Stefan Zweig: Schachnovelle

Op een schip van New York naar naar Buenos Aires leert de verteller in Schachnovelle, een literair kleinood van Stefan Zweig, de zonderlinge schaakgrootmeester Mirko Czentovic kennen. Al is kennen leren misschien wat sterk uitgedrukt, want Czentovic communiceert nauwelijks. Wel gaat de grootmeester in op het verzoek van een Amerikaan om tegen betaling een partij te spelen tegen de verzamelde belangstellenden. Ze verliezen uiteraard smadelijk, maar tijdens de revanche fluistert een onbekende man de Amerikaan een paar zetten in die tot remise leiden.
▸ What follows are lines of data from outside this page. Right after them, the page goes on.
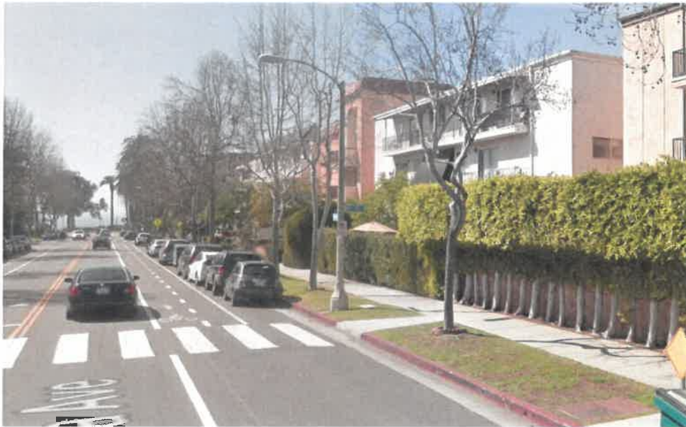
Street view of proposed installation location (looking west on Montana Ave)
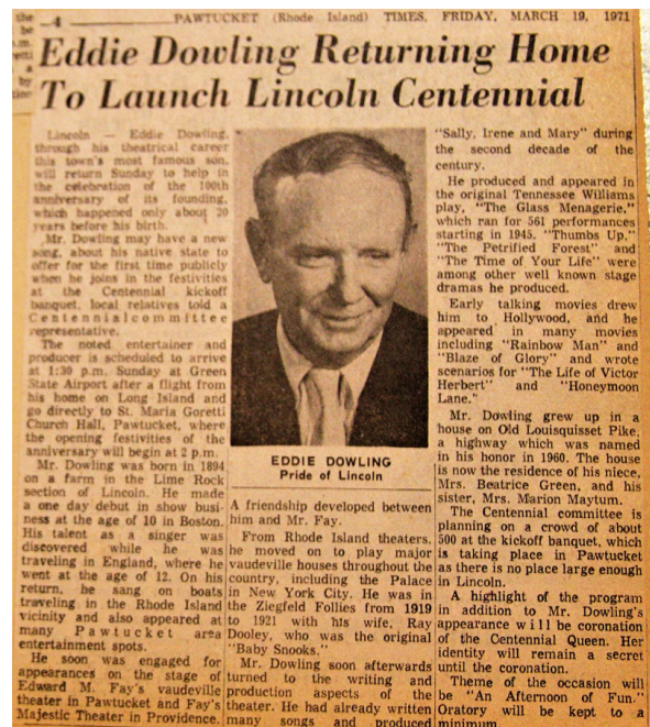
The exhibit includes this newspaper clipping from the Pawtucket Times, March 19, 1971.
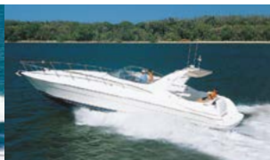
2007 - M470 Sport Cruiser
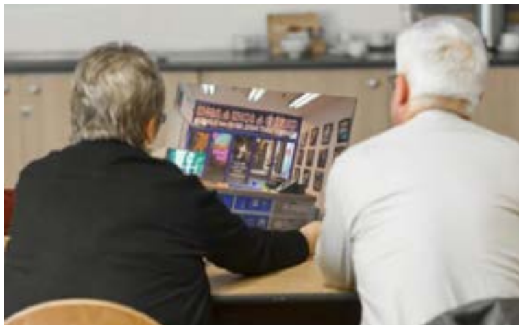
Figure 5. Citizens exploring the speculative designs and offering debate.

Guided discussions also allowed participants move beyond polarising debates for 'good' or 'bad' to voice opinions about the images that were not so immediately obvious – for example, their positive aspects – and the points of conflict within them (for example, how certain elements were viewed as positive or negative by different participants). This also allowed us to steer discussion away from a too-heavy focus on the technological realism of what was portrayed in favour of considering the future possibilities intimated by these artefacts (Voss et al., 2015).
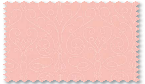
23018 46 DRAGONFLY PINK

Daarna treedt de onbekende, dr B., aan tegen de grootmeester en wint.

De kern van Schachnovelle is niet de partij aan boord, maar de levensverhalen van Czentovic en dr. B., twee totaal verschillende mensen, een eenvoudige boerenjongen die talent voor schaken blijkt te hebben en zijn leven eraan wijdt, versus de adellijke jurist die in eenzame opsluiting een schaakboek gebruikt om geestelijk gezond te blijven tussen de Gestapoverhoren door.

De Oostenrijker Zweig schreef de novelle in ballingschap in Brazilië. Het verscheen in 1942, het jaar van zijn zelfgekozen dood. Schachnovelle gaat over het overwinnen van tegenslagen, iets wat Zweig zelf niet kon opbrengen. Vooral het verhaal van dr B. is beklemmend.